- _Work to be completed_: Copy the data that follows, character for character, minus the pictures.

- _Data section_:
BEGIN
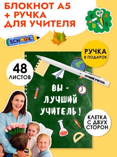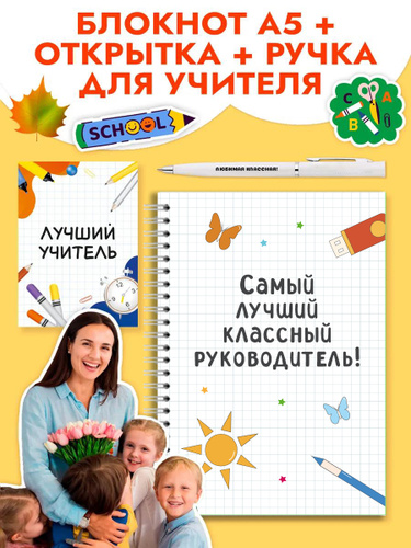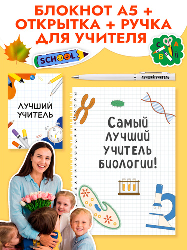 Подарочный набор с ручкой, блокнотом и мини открыткой в подарок учителю по биологии на Выпускной
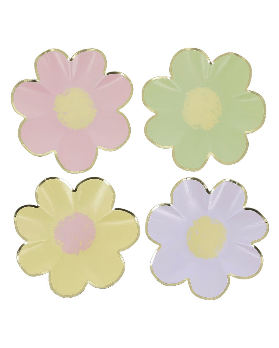 Virkelig skønne blomster paptallerkener med guld kant i 4 flotte pastelfarver, som er udformet som smukke blomster med en let fordybning i midten. Dæk et spektakulært bord til barnedåben, fødselsdagen eller en anden særlig lejlighed med disse forårsfinheder og glæd dig over en engangsservice, der er noget helt udover det sædvanlige, samtidig med at det bliver let og enkelt at holde fest
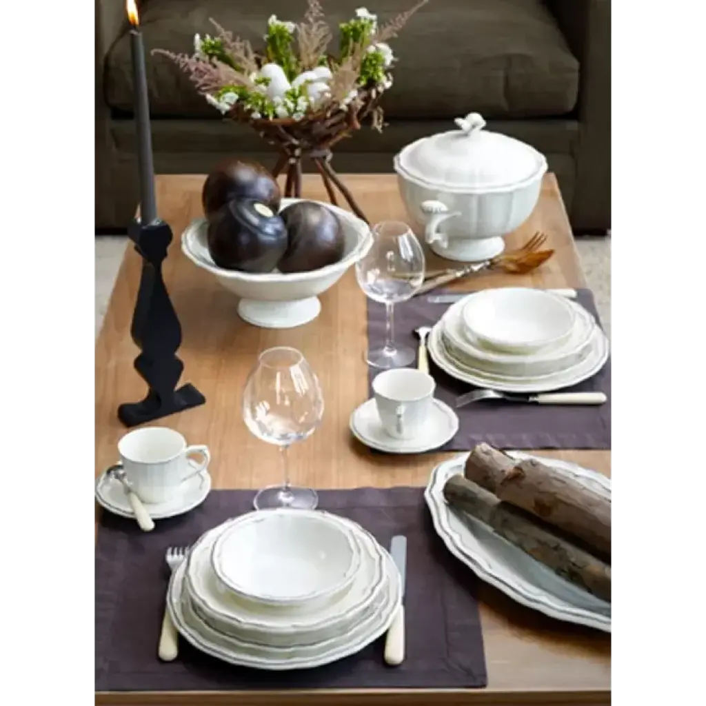 Gien's Filets Verts service is a timeless classic characterized by a shell border and handpainted lines. Faience earthenware made in France by Gien. Four-piece place setting includes dinner plate, dessert plate, bowl, and mug. Five-piece place setting includes dinner plate, dessert plate, canape plate, US tea cup, and saucer. Located near the Loire Valley castles, the Faïencerie de Gien has been synonymous with prestigious faience tableware and decorative objects since its founding in 1821. Gien pieces are renowned for their warm white clays decorated with traditional motifs reminiscent of the French countryside.
END
- _Expected answer_:
 Подарочный набор с ручкой, блокнотом и мини открыткой в подарок учителю по биологии на Выпускной
 Virkelig skønne blomster paptallerkener med guld kant i 4 flotte pastelfarver, som er udformet som smukke blomster med en let fordybning i midten. Dæk et spektakulært bord til barnedåben, fødselsdagen eller en anden særlig lejlighed med disse forårsfinheder og glæd dig over en engangsservice, der er noget helt udover det sædvanlige, samtidig med at det bliver let og enkelt at holde fest
 Gien's Filets Verts service is a timeless classic characterized by a shell border and handpainted lines. Faience earthenware made in France by Gien. Four-piece place setting includes dinner plate, dessert plate, bowl, and mug. Five-piece place setting includes dinner plate, dessert plate, canape plate, US tea cup, and saucer. Located near the Loire Valley castles, the Faïencerie de Gien has been synonymous with prestigious faience tableware and decorative objects since its founding in 1821. Gien pieces are renowned for their warm white clays decorated with traditional motifs reminiscent of the French countryside.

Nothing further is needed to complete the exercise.